Ry sighed. He would when he could. Grief was a process. Hector ought to know that.
Since it looked like it was up to him to save his partner’s love life, Hector went to the TV studio on Tuesday morning.
“I’m here to see Meg Maguire,” he said to the receptionist, striking a pose, one thumb tucked at the waist of his black leather pants. Hopefully, he looked like a suave Dream Date contestant.
“Is she expecting you?” the young woman asked, her gorgeous Latin eyes appreciating the trouble he’d taken to look this good.

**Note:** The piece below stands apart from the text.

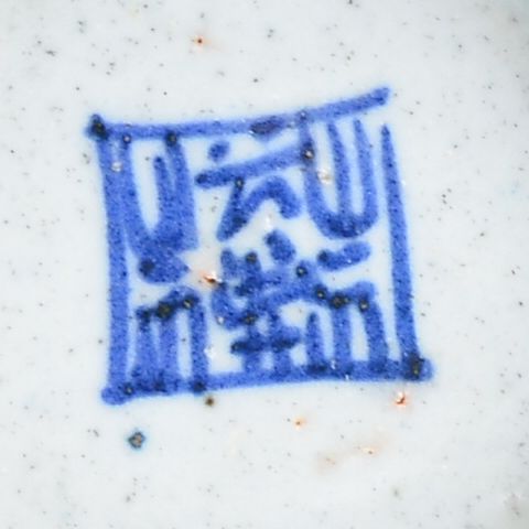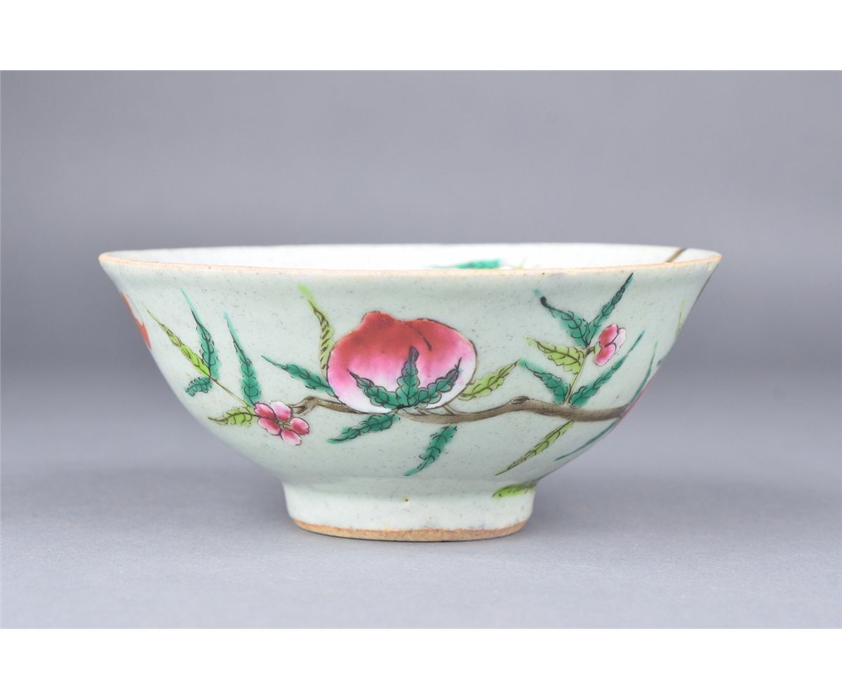 Chinese Famille Rose enameled porcelain peach bowl; stylized 19th Century Mark on base; D: 14 cm, H: 6 cm

“Tell her I’m Ry Brennan’s partner.” He spoke with more bravado than confidence. He’d taken a chance, showing up like this, but he had to do something. His partner was a mess.
The little cutie talked softly into her phone. The name on her desk said she was Vanessa. He wondered if Vanessa was seeing anyone. Maybe he’d ask her out after he did what he’d come here to do.
Vanessa smiled at him brightly. “You’re in. Meg says to send you on back.”
He gave her a flirty wink and followed her directions to Meg’s office, rehearsing again what he planned to say. He had to get this just right…for his own sake as well as his partner’s. Working with Ry wasn’t fun anymore.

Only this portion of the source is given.